• [Exercise aim] Write out, please, each line from the one containing "A ball collection" to the final line of the data, both included, exactly and without pictures.

=== Begin Enclosure ===

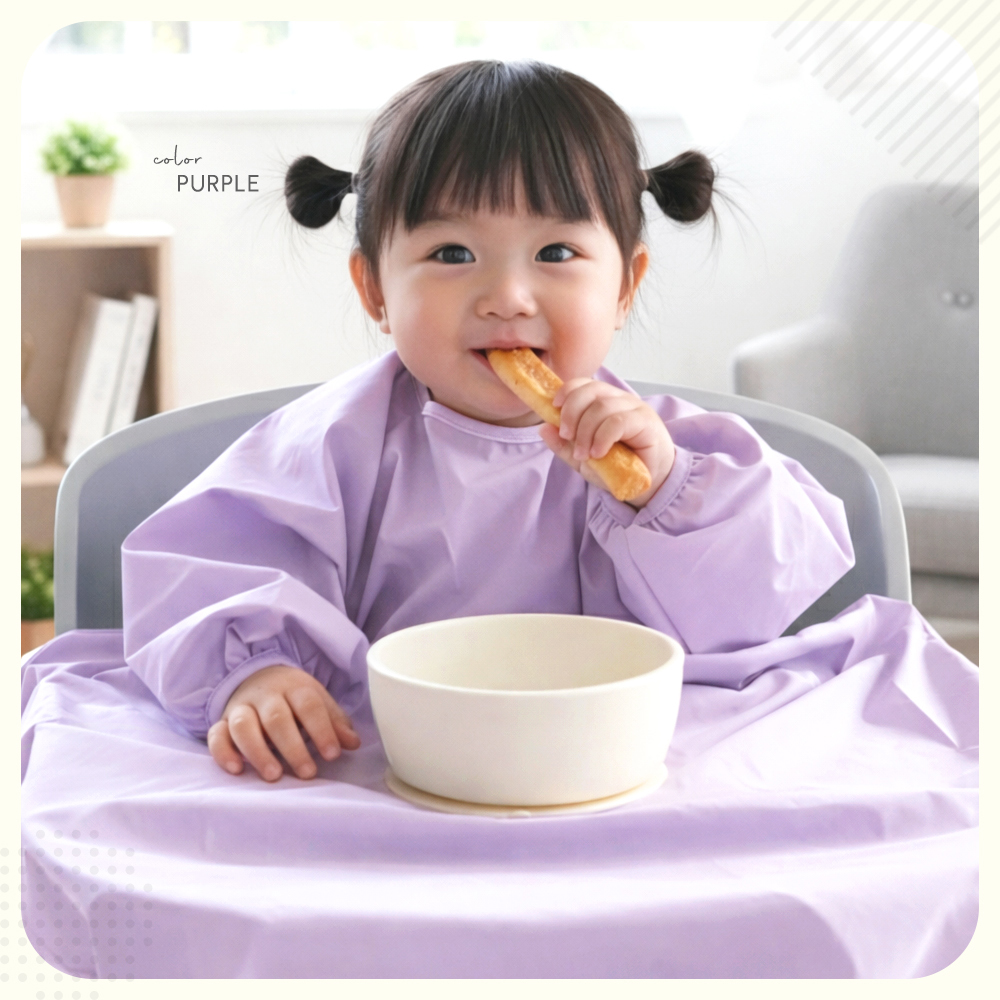 食事エプロン 長袖 ベビーエプロン 保育園 食べこぼし 離乳食 掴み食べ 撥水 収納袋 男の子 女の子 赤ちゃん おしゃれ 子供用 ベビー用品 幼児 出産祝い 無地
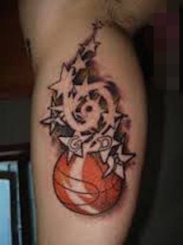 多款关于篮球的黑色素描点刺技巧创意篮球纹身图案
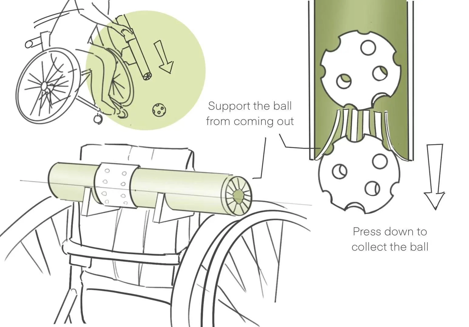 A ball collection + storage system designed for wheelchair pickleball players.
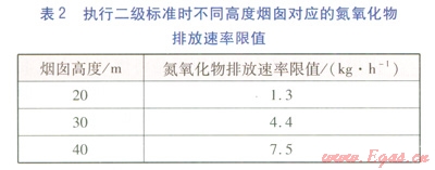 根據(jù)GB 3095—1996《環(huán)境空氣質(zhì)量標準》規(guī)定,該項目所在地為二類區(qū)(城鎮(zhèn)規(guī)劃中確定的居住區(qū)、商業(yè)交通居民混合區(qū)、文化區(qū)、一般工業(yè)區(qū)和農(nóng)村地區(qū)),應執(zhí)行二級標準。根據(jù)GB 16297—1996規(guī)定,執(zhí)行二級標準時不同高度煙囪對應的氮氧化物排放速率限值見表2。
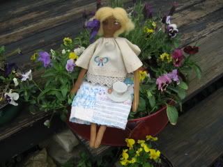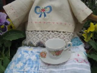Pansy's skirt is made from a wonderful olde time-weary quilt .. her blouse is a beautifully embroidered linen (both of which are from former generations) and she loves a morning cup of tea! Sister Mercy let her choose her favorite teacup and saucer from the cupboard to bring with her.

=== End Enclosure ===

• [Task response]
 A ball collection + storage system designed for wheelchair pickleball players.
 根據(jù)GB 3095—1996《環(huán)境空氣質(zhì)量標準》規(guī)定,該項目所在地為二類區(qū)(城鎮(zhèn)規(guī)劃中確定的居住區(qū)、商業(yè)交通居民混合區(qū)、文化區(qū)、一般工業(yè)區(qū)和農(nóng)村地區(qū)),應執(zhí)行二級標準。根據(jù)GB 16297—1996規(guī)定,執(zhí)行二級標準時不同高度煙囪對應的氮氧化物排放速率限值見表2。
Pansy's skirt is made from a wonderful olde time-weary quilt .. her blouse is a beautifully embroidered linen (both of which are from former generations) and she loves a morning cup of tea! Sister Mercy let her choose her favorite teacup and saucer from the cupboard to bring with her.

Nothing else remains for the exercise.